BEGIN DATA SUPPLIED

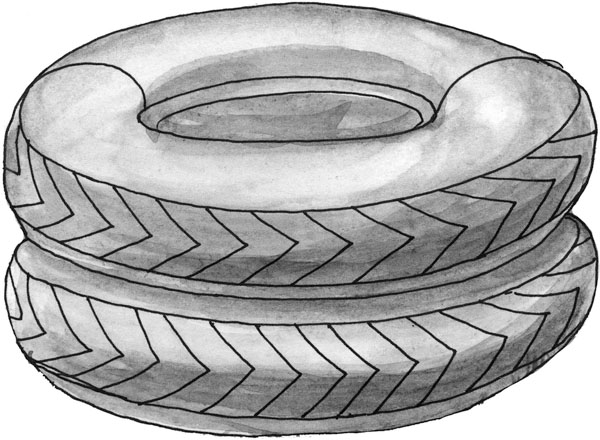 Цилиндр можно сделать не из рубероида, а из автопокрышек, сложенных друг на друга (рис. 12). В таких же вертикальных грядках хорошо выращивать рассаду различных культур. После этого высадить в них кабачки или другие растения. Если в одном месте поставить одну покрышку, а рядом с ней две – поставленные друг на друга, и еще три, то, посадив в них плетистые кабачки разного окраса, вы создадите на своем огороде маленький шедевр. Кустовые тыквы, высаженные в покрышки и расставленные в разные места сада, отнюдь не испортят его вида, а наоборот украсят. Но нельзя в такие сооружения сажать землянику, потому что зимой цилиндр промерзает, и в тех регионах, где морозные зимы, земляника погибнет. Весной, чтобы растопить лед, который обязательно образуется в нижней части цилиндра, почву в этих вертикальных грядках проливают очень горячей водой.
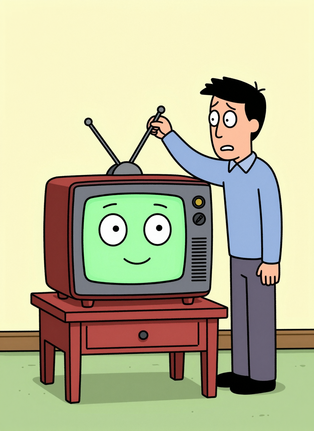 saturd4ym0rning A cartoon-style drawing depicts an old-fashioned TV with a green screen and a simple face, featuring wide eyes and a smiling mouth. The TV sits on a small, red wooden table with a central drawer. Two antennae extend from the top of the TV. The background shows a plain, light yellow wall with a brown baseboard. The floor is green. a man is stsanding beside the tv adjusting the antenna in frustration.
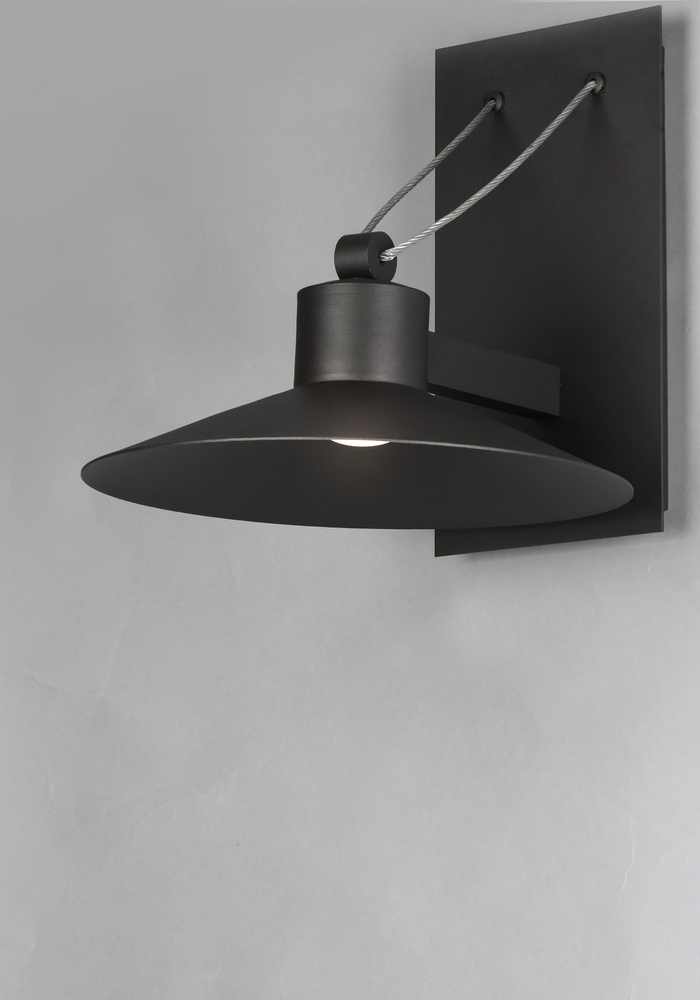Conical shades finished in Architectural Bronze appear to be suspended by its stainless steel cable. Concealed inside these shades is a high powered COB LED which shines into a heavy Clear glass font. The bottom of theses fonts have an additional thickness
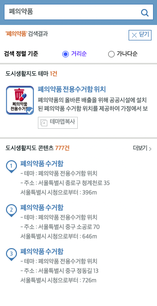 2) 도시생활지도 테마 의 폐의약품 전용 수거함 위치를 선택하고 본인의 집 근처로 위치를 조정해 주세요.
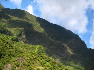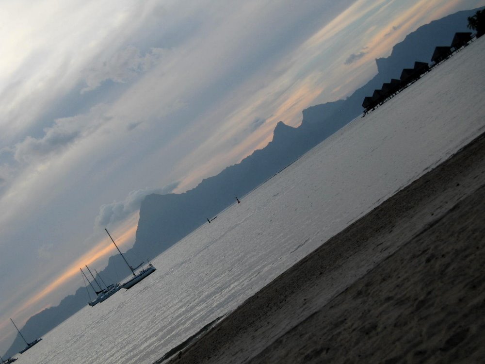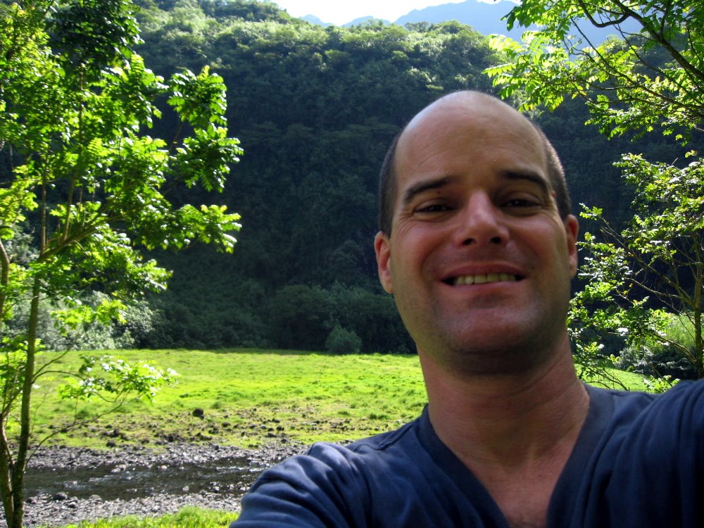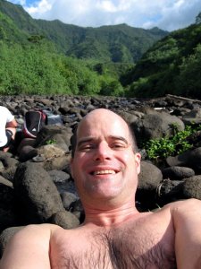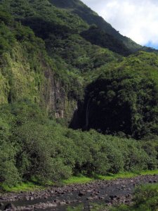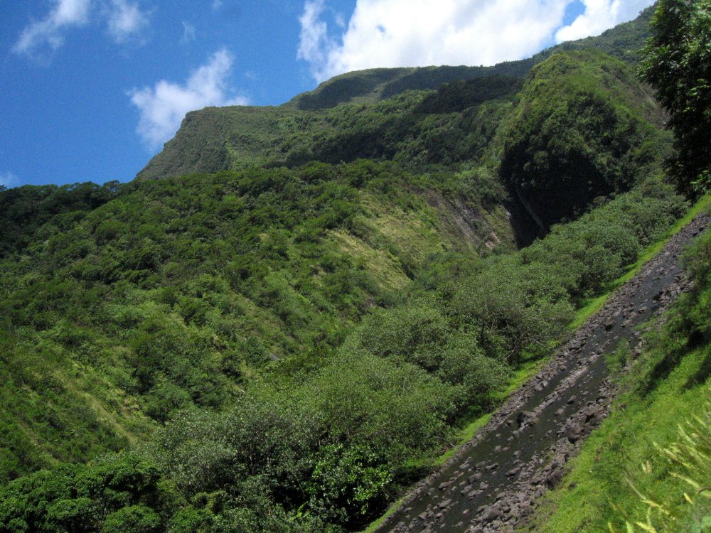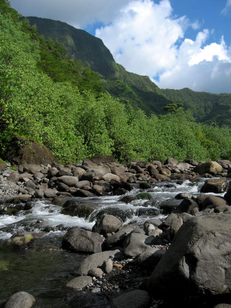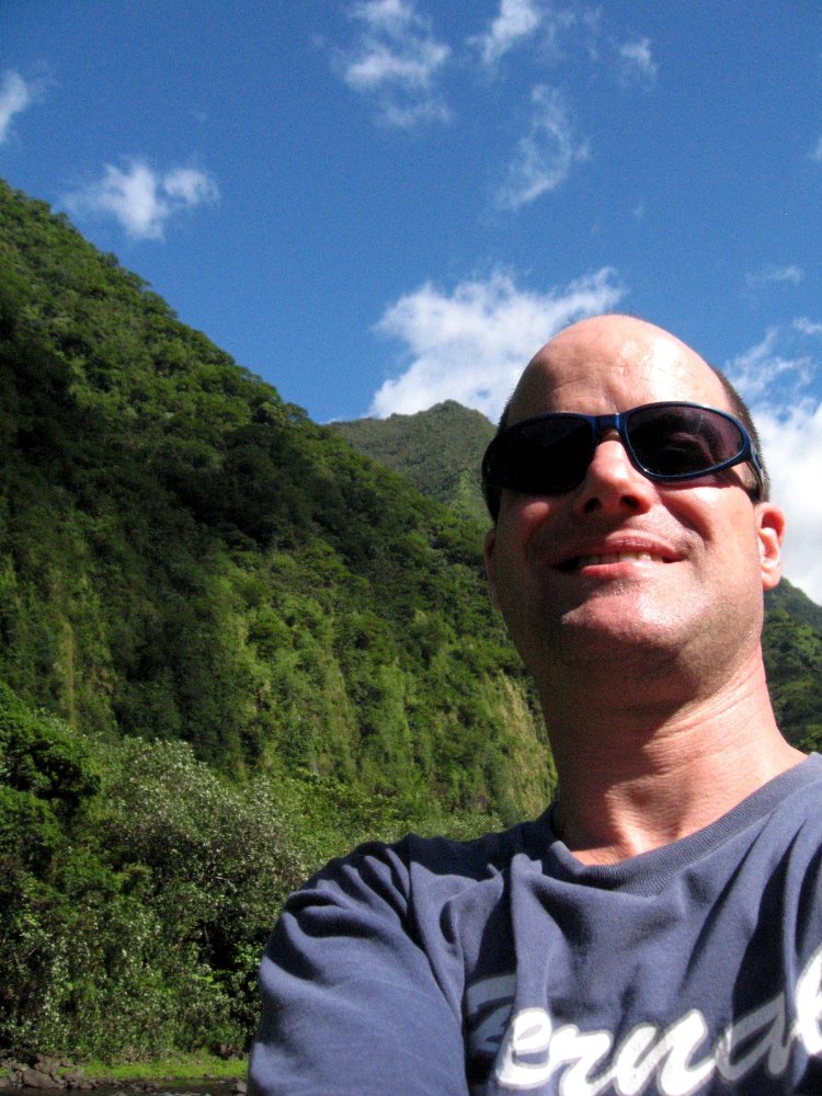Having only a short time – December 31 and January 1, to be precise – I had just time to take a quaint little bus into the capital, Papeete to explore a bit, then hop a 4wd vehicle for a trip up the principal river valley on this volcanic island with two main portions, formed – like Maui, I presume – by two different volcanoes over the millenia. All of the lovely waterfall and moutnain valley shots are from that half-day trip; the others are from my walks around town, except the sunset beach shots looking out at Moorea (next-door island) and the high-up shot of turquiose water, which came from a walk in the hills above my hotel on new year’s day, where I found myself walking past the University of French Polynesia.
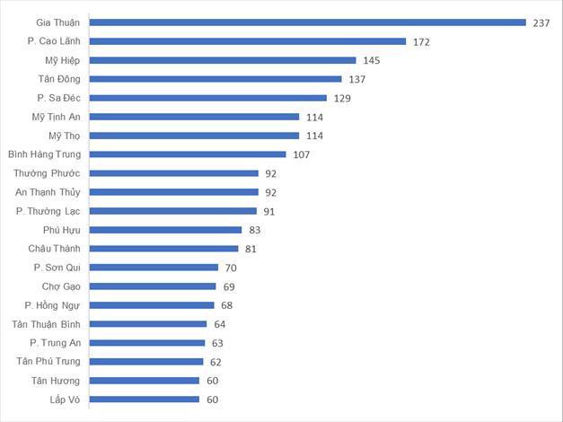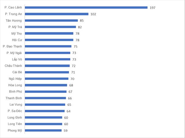 Phường/xã có số ca mắc TCM cao tính đến tuần 36
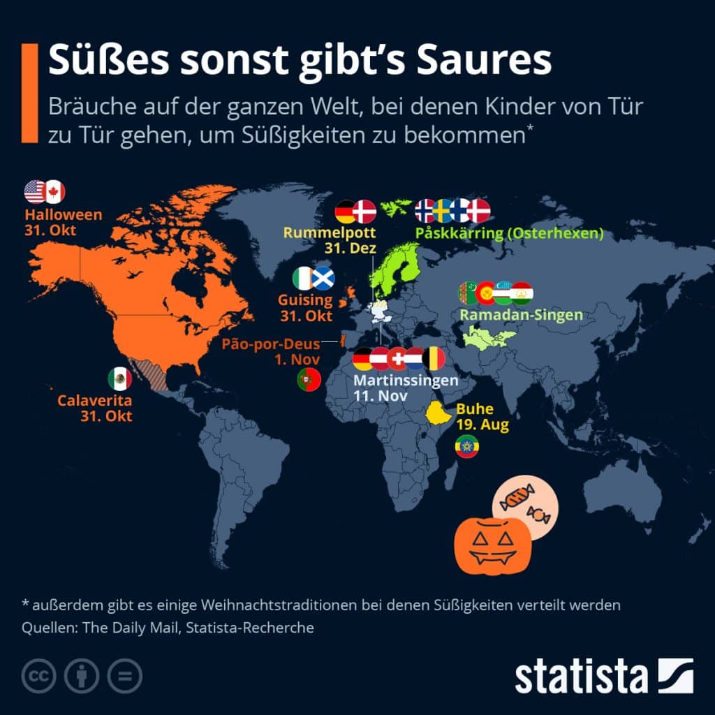 Gruselige Verkleidungen und Süßes-oder-Saures-Bräuche sind indes nicht an ein bestimmtes Datum gebunden: Skandinavische Kinder machen sie um Ostern herum, während die Kinder in Norddeutschland und Süddänemark Silvester wählen. In Süddeutschland, Österreich, der Schweiz, den Niederlanden und Flandern in Belgien werden die Süßigkeiten nicht durch Drohungen, sondern für Lieder verteilt, die die Kinder am 11. November (St. Martinstag) singen. Auch in Zentralasien wird während des Ramadans für Süßigkeiten gesungen. (Quelle: Statista/cw)

END DATA SUPPLIED

WHAT YOU SHOULD DO » Copy out every entry above exactly. Leave the pictures out.

FINISHED EXERCISE »
 Цилиндр можно сделать не из рубероида, а из автопокрышек, сложенных друг на друга (рис. 12). В таких же вертикальных грядках хорошо выращивать рассаду различных культур. После этого высадить в них кабачки или другие растения. Если в одном месте поставить одну покрышку, а рядом с ней две – поставленные друг на друга, и еще три, то, посадив в них плетистые кабачки разного окраса, вы создадите на своем огороде маленький шедевр. Кустовые тыквы, высаженные в покрышки и расставленные в разные места сада, отнюдь не испортят его вида, а наоборот украсят. Но нельзя в такие сооружения сажать землянику, потому что зимой цилиндр промерзает, и в тех регионах, где морозные зимы, земляника погибнет. Весной, чтобы растопить лед, который обязательно образуется в нижней части цилиндра, почву в этих вертикальных грядках проливают очень горячей водой.
 saturd4ym0rning A cartoon-style drawing depicts an old-fashioned TV with a green screen and a simple face, featuring wide eyes and a smiling mouth. The TV sits on a small, red wooden table with a central drawer. Two antennae extend from the top of the TV. The background shows a plain, light yellow wall with a brown baseboard. The floor is green. a man is stsanding beside the tv adjusting the antenna in frustration.
Conical shades finished in Architectural Bronze appear to be suspended by its stainless steel cable. Concealed inside these shades is a high powered COB LED which shines into a heavy Clear glass font. The bottom of theses fonts have an additional thickness
 2) 도시생활지도 테마 의 폐의약품 전용 수거함 위치를 선택하고 본인의 집 근처로 위치를 조정해 주세요.
Having only a short time – December 31 and January 1, to be precise – I had just time to take a quaint little bus into the capital, Papeete to explore a bit, then hop a 4wd vehicle for a trip up the principal river valley on this volcanic island with two main portions, formed – like Maui, I presume – by two different volcanoes over the millenia. All of the lovely waterfall and moutnain valley shots are from that half-day trip; the others are from my walks around town, except the sunset beach shots looking out at Moorea (next-door island) and the high-up shot of turquiose water, which came from a walk in the hills above my hotel on new year’s day, where I found myself walking past the University of French Polynesia.
 Phường/xã có số ca mắc TCM cao tính đến tuần 36
 Gruselige Verkleidungen und Süßes-oder-Saures-Bräuche sind indes nicht an ein bestimmtes Datum gebunden: Skandinavische Kinder machen sie um Ostern herum, während die Kinder in Norddeutschland und Süddänemark Silvester wählen. In Süddeutschland, Österreich, der Schweiz, den Niederlanden und Flandern in Belgien werden die Süßigkeiten nicht durch Drohungen, sondern für Lieder verteilt, die die Kinder am 11. November (St. Martinstag) singen. Auch in Zentralasien wird während des Ramadans für Süßigkeiten gesungen. (Quelle: Statista/cw)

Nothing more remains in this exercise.